Nelson approached Mike Callagy recently. “You’re not from here,” he said. “What does this community need?”
Another retirement community – that’s one of Callagy’s ideas. Pat’s mother is on the five to seven-year waiting list for Landsmeer, a long wait.
And how about housing for the many who work here, but don’t live here?
Another of Callagy’s hopes is that Orange City will put in place necessary zoning to prevent leapfrog development, to protect the downtown flavor of the town.
Yes, a mall on Hwy. 10 might be good for the area, he said, as long as it doesn’t starve downtown.
Bakersfield is much larger than Orange City, but it’s an agricultural town, so it resembles this place. A redevelopment project was suggested for the Bakersfield downtown region…a down town mall to encompass the already-thriving businesses there. But those businessmen told the developer to “go away.” They were doing just fine.
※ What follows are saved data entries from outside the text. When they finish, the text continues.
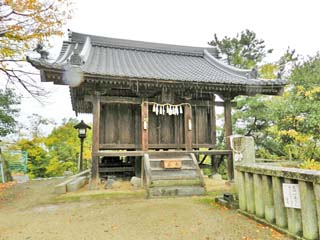 「琴弾八幡宮 拝殿」前にて「拝殿」北側を撮る。 写真中央奥に写る建物は、「授与所」。 |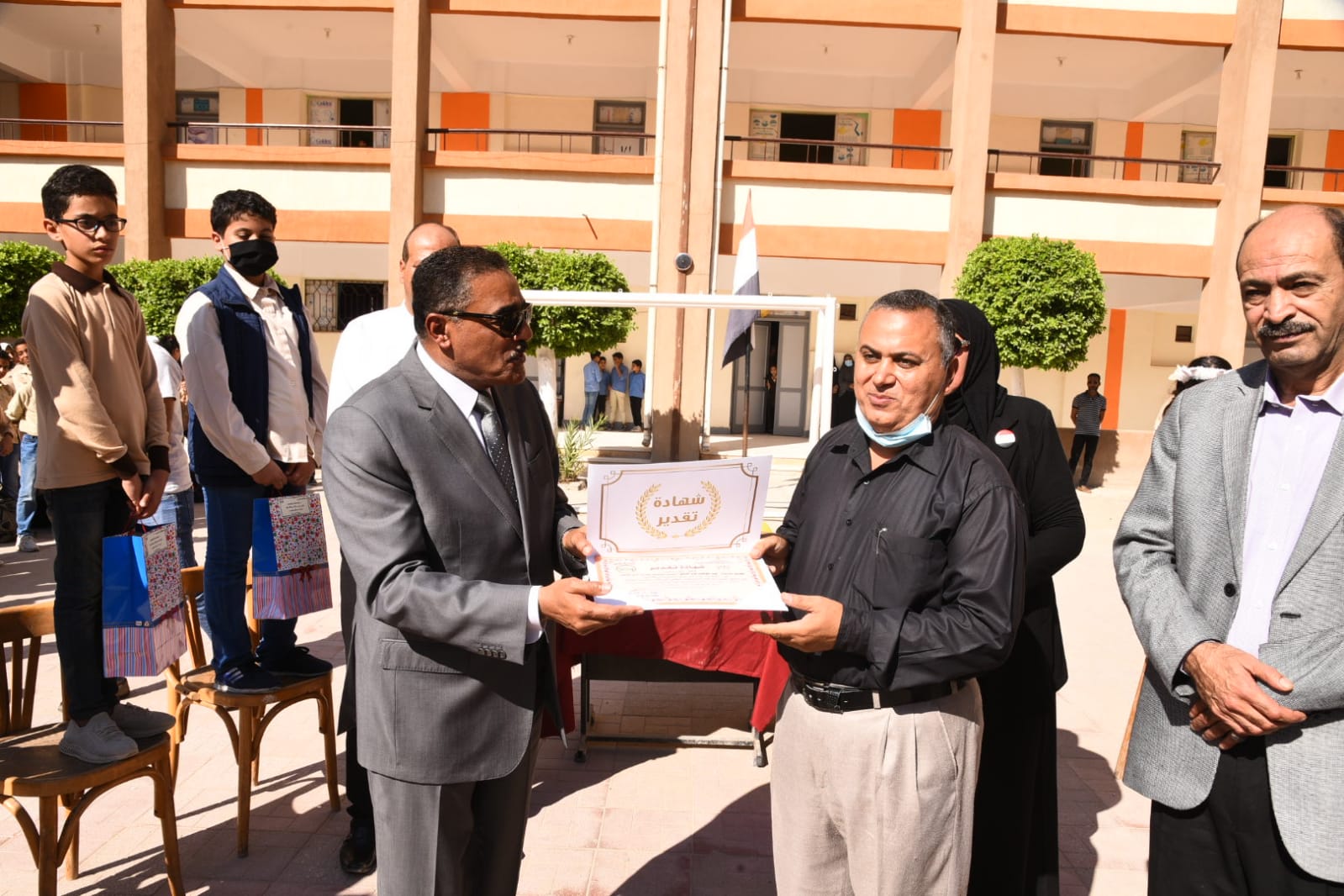 محافظ مطروح يكرم معلمًا ومديرة مدرسة ابتكرا كروت أخلاق للطلاب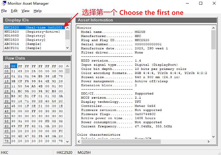 - Method: Connect the GPU of the computer host to the main monitor using an HDMI-compatible2.0 or HDMI-compatible2.1 cable (very important: it is the output of the GPU, directly connected to the main display without going through the DMA video overlay box). On the computer host, select the most suitable GPU output resolution and refresh rate (such as 2560x1440 at 144 , 1920x1080 at 240, etc.) to enable the monitor to display normally. Then install the MonitorAssetManager with the file name of mi_setup.exe. After installing, run the Monlnfo.exe and wait for it to open.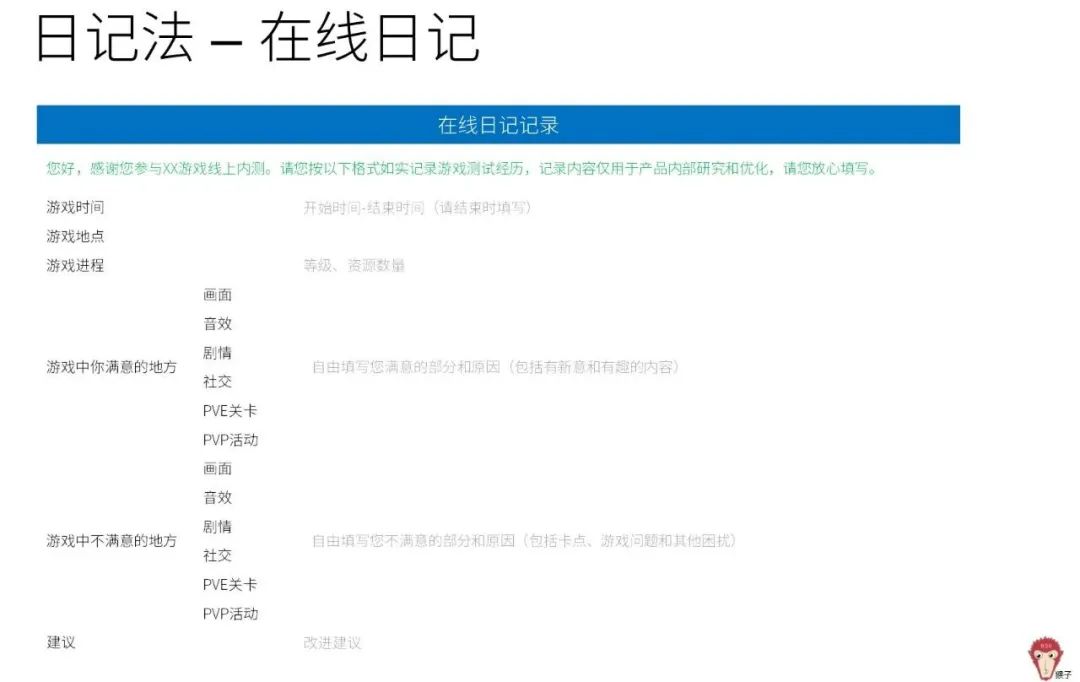 在线日记对应现场内测的观察、量表和部分深度访谈内容。有条件的话,让用户连续几天记录在线日记,观察游戏体验变化、卡点/疑惑是否随时间解除、综合评价等。

A few years later, the developer built an enormous mall just outside of town, triple the size of the mall in Sioux City, said Callagy. And downtown suffered.
It took 35 years and huge amounts of work and resources to restore the Bakersfield downtown region.
It’s easier to protect first, Callagy said.
Mike Hofman, Chamber of Commerce director in Orange City, believes that good ideas will be gleaned from the Wednesday morning meetings. It’s great that people want to be involved in the process, he said.
His term is “quality of place.” It’s bigger than “quality of life” – more encompassing – and includes “the whole place as a benefit for everyone,” he said.
“Why is this a good place to be? What can we do for others?” Hoffman asked.
“We may be biting off more than we can chew, in these community summit meetings,” said Nelson, “because community development covers so many areas. But, I am very interested in seeing what may happen. Great innovations, businesses, and ministries are all created through someone’s inspired idea.”
Callagy hopes that the last two meetings are productive, and that some of the linchpins of the communithy will back a few projects. Crucial, also, is involvement of the Chamger, city and county, and the city of Alton.
Key components will be identified, then prioritized. “If one or two ideas are implemented in 2009, and one or two started,” Callagy said, that would be a framework. It would be a sign of progress, and momentum would build. There’s potential for a lot of good to result, said.
“Implementation is critical,” Callagy said. “This is where community development usually falters.”